Researchers are closing in on a completed diagram of how human cells protect themselves against constant genetic mistakes that contribute to most diseases, according to a study to be published in the April 18 edition of the journal Cell.
The blueprint for the human body is encoded in genes. Gene expression is the process by which those blueprints are converted into proteins that make up the body’s structures and send its signals. When molecular biologists began analyzing the complete set of human genes (the human genome) in 2001, one surprise was that humans have as few as 30,000 genes when, given their complexity, they should have more than 100,000. How can humans have one-fifth as much genetic material as wheat, for instance, or share one quarter of their genes with fish?
One answer is that humans do more with fewer genes. While genes consist of chains of deoxyribonucleic acids (DNA), they are put into practice by chains of ribonucleic acid chains (RNA), which are modified copies of DNA. Messenger RNA (mRNA) is transported to cellular factories called ribosomes that receive instructions for building proteins by “reading” mRNA templates, a process called translation. Remarkably, about 75 percent of human genes code for more than one protein through a process called alternate RNA splicing. Unfortunately, the more intricate the splicing process, the greater the opportunity for error. More than one-third of alternatively spliced mRNAs are flawed, and must be destroyed before they can cause harm. Thus, cellular processes that detect and eliminate processing errors are vitally important to effective gene expression.
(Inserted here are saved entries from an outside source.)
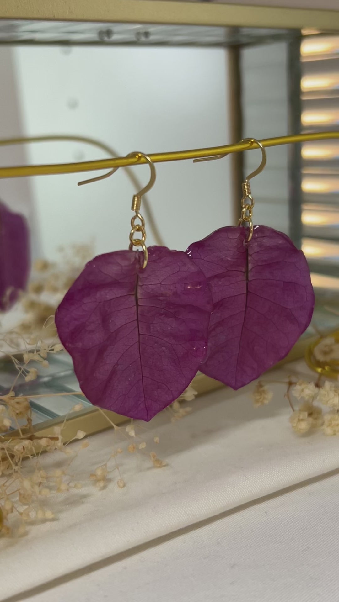 Pendientes de pétalos de la flor Buganvilla, secada y encapsulada en resina
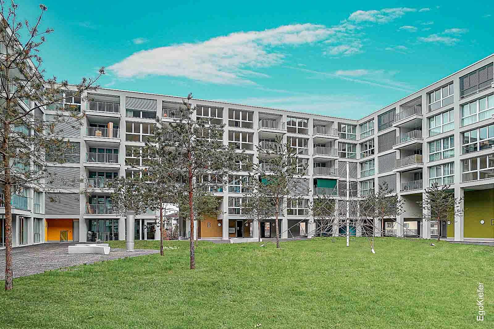 Nach innen eröffnet der Gartenhof unerwartete Natürlichkeit mit einer parkähnlichen Landschaft. Ein riesiger Innenhof, grün bepflanzt, ist ein Rückzugsort für alle, die im Gartenhof leben. Hier kommt man zusammen, hier kommt man zur Ruhe und geniesst das Grüne. Der Innenhof bietet eine 2’800 m2 natürliche Gartenanlage mit Sitzgelegenheiten und Spazierwegen.
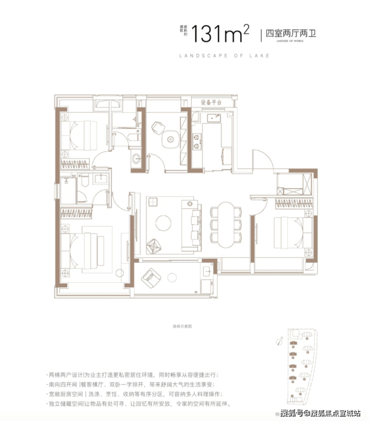 建筑面积约131㎡4房2厅2卫,做到了四开间朝南+南北通透+主卧套房设计+全卧室带飘窗+卫生间干湿分离,是一步到位的大4房户型。
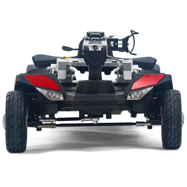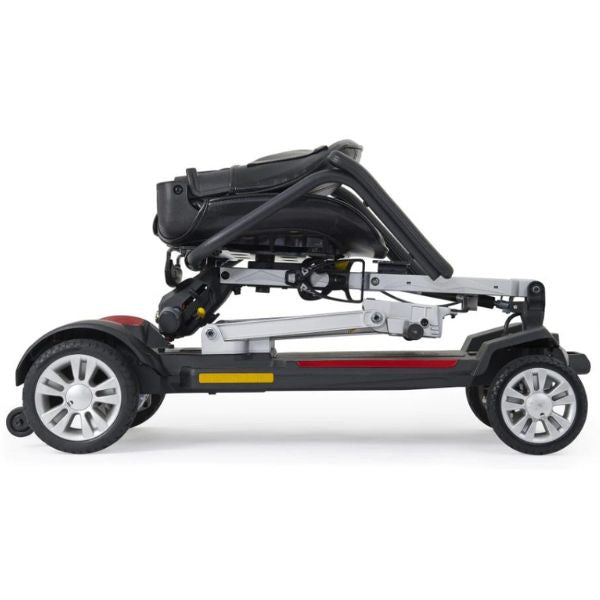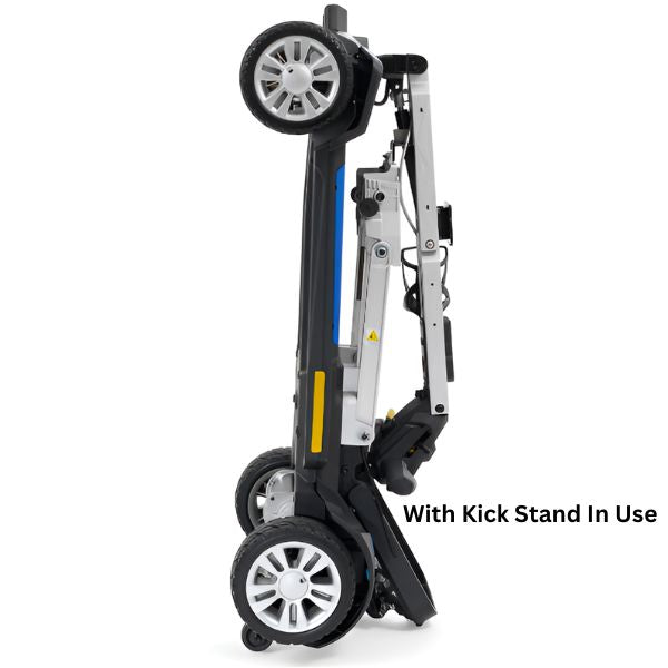 When storing or transporting this unit, it is best to remove the seat, which can be done in seconds. The seat weighs just 12 lbs and after it is removed, the rest of the unit weighs just 47.5 lbs! In addition to that, this foldable scooter can hold up to 300 lbs, has an 18 mile battery range, and offers an impressive 4" ground clearance; something that's not normally found in a compact mobility scooter of this size.
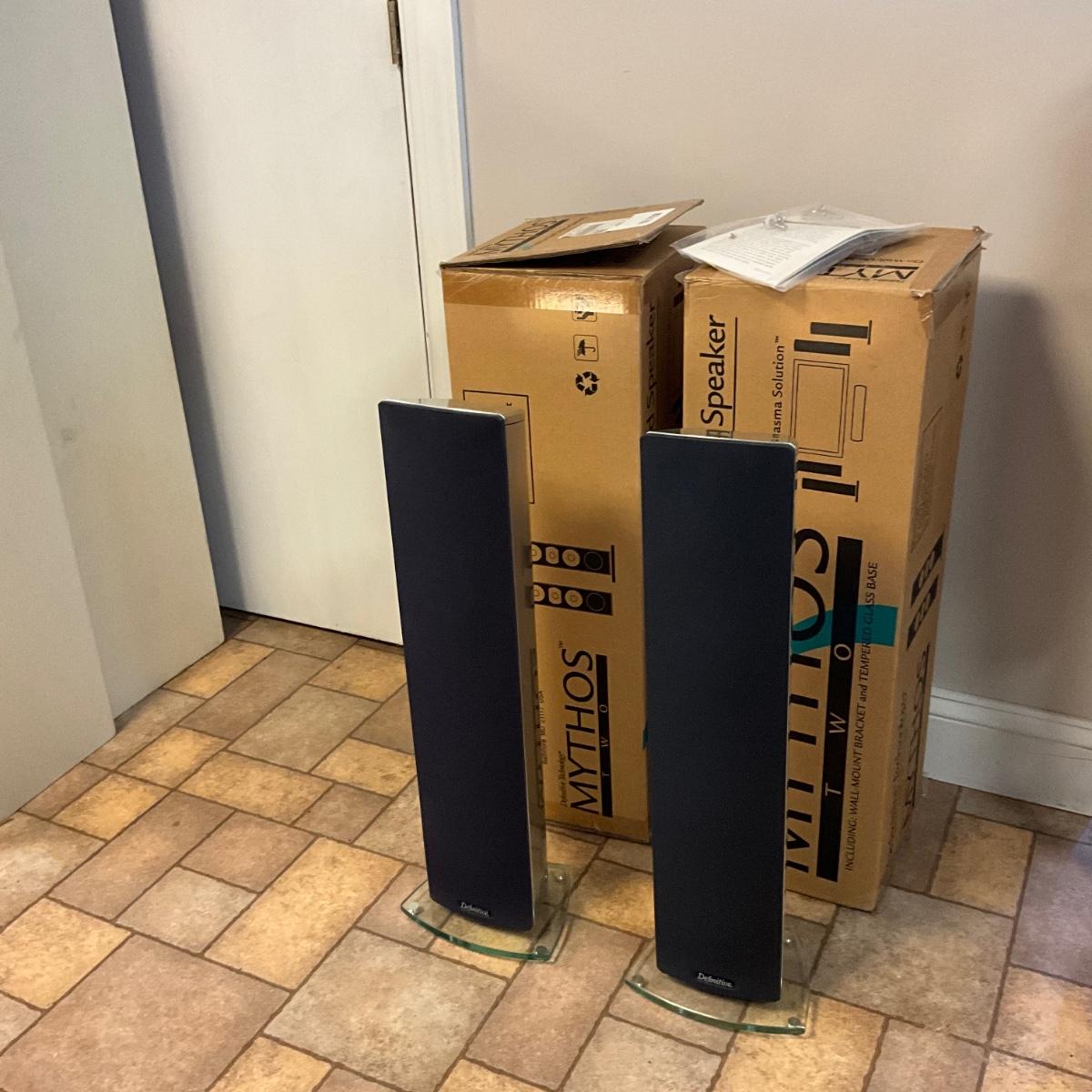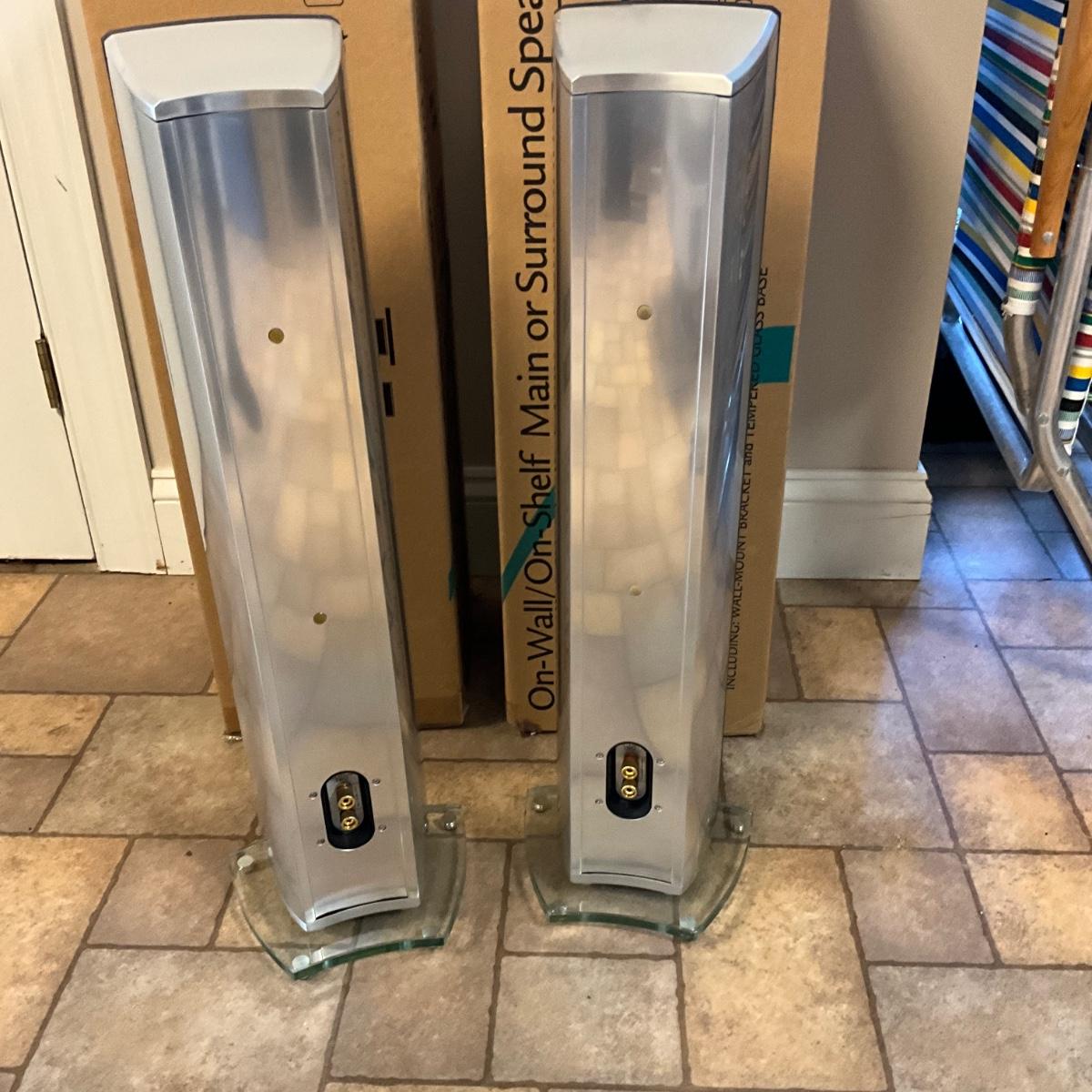 US1756 Pair of Definitive Technology Mythos II Aluminum Finish Speakers

In recent years, researchers at the University of Rochester Medical Center have revealed the existence of a natural surveillance system called nonsense-mediated mRNA decay (NMD) that determines which mRNAs are fit to serve as protein templates and sees to the destruction of those with flaws. Researchers hope to tweak the process such that it catches more genetic errors in some cases, or leaves more templates for helpful proteins in place in others, based on the disease at hand. To do so will require a highly detailed knowledge of the NMD pathway.
“The current results uncover a critical and previously unappreciated step during the natural process that finds flaws in mRNAs,” said Lynne E. Maquat, Ph.D., J. Lowell Orbison Endowed Chair and professor of Biochemistry & Biophysics at University of Rochester Medical Center, director of the University of Rochester Center for RNA Biology and lead author of the Cell piece. “This work has important implications for our understanding of how one of the human cell’s most important activities, protein synthesis, undergoes quality control.”
Over time, genes evolve to show changes in their makeup. Some changes, or mutations, have no impact, some provide advantages making organisms more likely to survive, and others cause disease. One frequently occurring, damaging class of mutation is the inclusion of premature “stop reading” signals (stop codons) within mRNAs. Called “nonsense” mutations, they order the process to stop reading part way through the genetic instructions. Such mutations result in the building of incomplete, disabled proteins that sabotage natural processes by competing for spots usually held by their full-length counterparts, or by simply not working. Mutations of this type cause genetic syndromes and contribute to many diseases, including cancer. Since truncated proteins are potentially hazardous, the NMD pathway has evolved to eliminate the mRNAs that encode them.
From studying genetic diseases, Maquat theorized seven years ago that there must be two types of translation, the process by which instructions encoded in mRNAs are read during protein building. An early “pioneer” round checks all newly built mRNAs for errors, and initiates NMD when errors are detected. Subsequent “steady-state” rounds then direct the mass production of normal proteins based on “NMD-approved” mRNAs. Over time, the Maquat lab, along with other labs, has identified a number of protein complexes that form during the intricate process by which cells analyze each mRNA for flaws.
In the past, her team showed, for instance, which proteins bind to each end of mRNA during the pioneer and subsequent steady-state rounds of translation, and how the pioneer round, cap-binding protein promotes the recognition and decay of flawed mRNAs. The team also demonstrated how other complexes that identify flawed mRNAs form near exon-exon junctions, the places where each “must read” section of the mature mRNA template is joined to the next by RNA splicing.
Past work by Maquat’s team further revealed that much of the NMD quality review depends on the physical spacing of proteins bound to the mRNA chain. If a stop reading signal occurs too far ahead of the final exon in the chain, as marked by an exon-exon junction complex (EJC), the cell concludes that the stop codon has mistakenly fallen in the middle of a set of instructions. These mRNAs are degraded. They also found that the EJC contains human up-frameshift (UPF) proteins that play a role in NMD.